### THE DATA
___
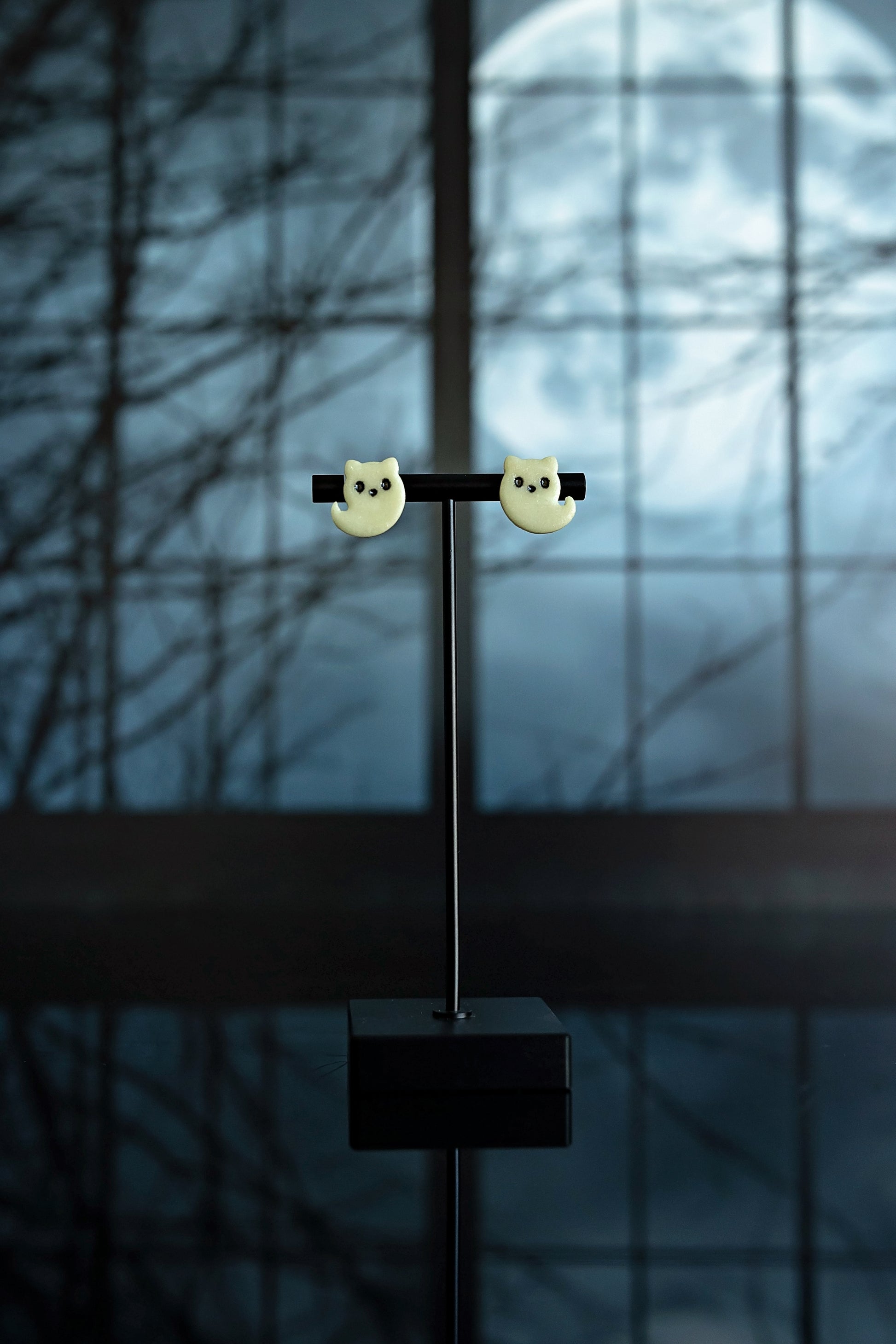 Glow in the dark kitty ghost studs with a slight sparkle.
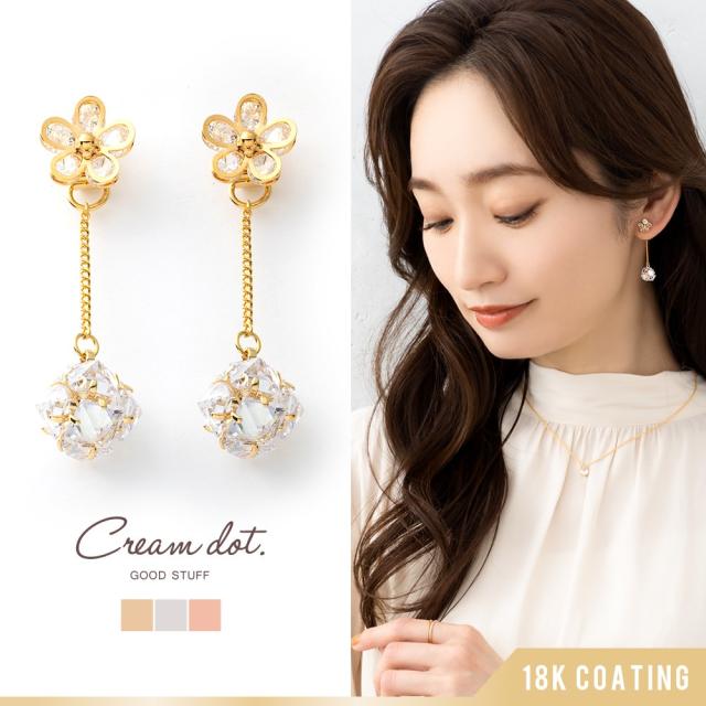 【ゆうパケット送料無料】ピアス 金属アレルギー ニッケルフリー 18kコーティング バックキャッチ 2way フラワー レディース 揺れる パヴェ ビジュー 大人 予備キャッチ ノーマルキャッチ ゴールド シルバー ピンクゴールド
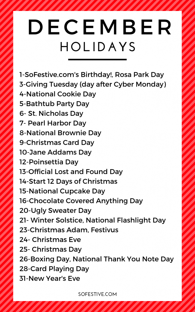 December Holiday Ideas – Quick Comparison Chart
___
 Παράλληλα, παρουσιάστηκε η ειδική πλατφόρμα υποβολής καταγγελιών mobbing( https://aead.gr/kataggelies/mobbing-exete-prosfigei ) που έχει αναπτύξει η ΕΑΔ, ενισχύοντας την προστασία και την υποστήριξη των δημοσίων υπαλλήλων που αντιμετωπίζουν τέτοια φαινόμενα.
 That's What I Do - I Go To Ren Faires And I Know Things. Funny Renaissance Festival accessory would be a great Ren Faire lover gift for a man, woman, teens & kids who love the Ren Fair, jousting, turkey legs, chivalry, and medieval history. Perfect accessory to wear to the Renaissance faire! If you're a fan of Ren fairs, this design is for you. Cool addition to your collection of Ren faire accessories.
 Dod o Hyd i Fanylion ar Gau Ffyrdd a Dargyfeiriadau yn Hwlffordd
___
### WORK REQUIRED
Copy out exactly the lines above beginning with the line that contains "Glow in the" and finishing with the line that contains "December Holiday Ideas", including both; leave the pictures out.

### RESPONSE TO THIS TASK
 Glow in the dark kitty ghost studs with a slight sparkle.
 【ゆうパケット送料無料】ピアス 金属アレルギー ニッケルフリー 18kコーティング バックキャッチ 2way フラワー レディース 揺れる パヴェ ビジュー 大人 予備キャッチ ノーマルキャッチ ゴールド シルバー ピンクゴールド
 December Holiday Ideas – Quick Comparison Chart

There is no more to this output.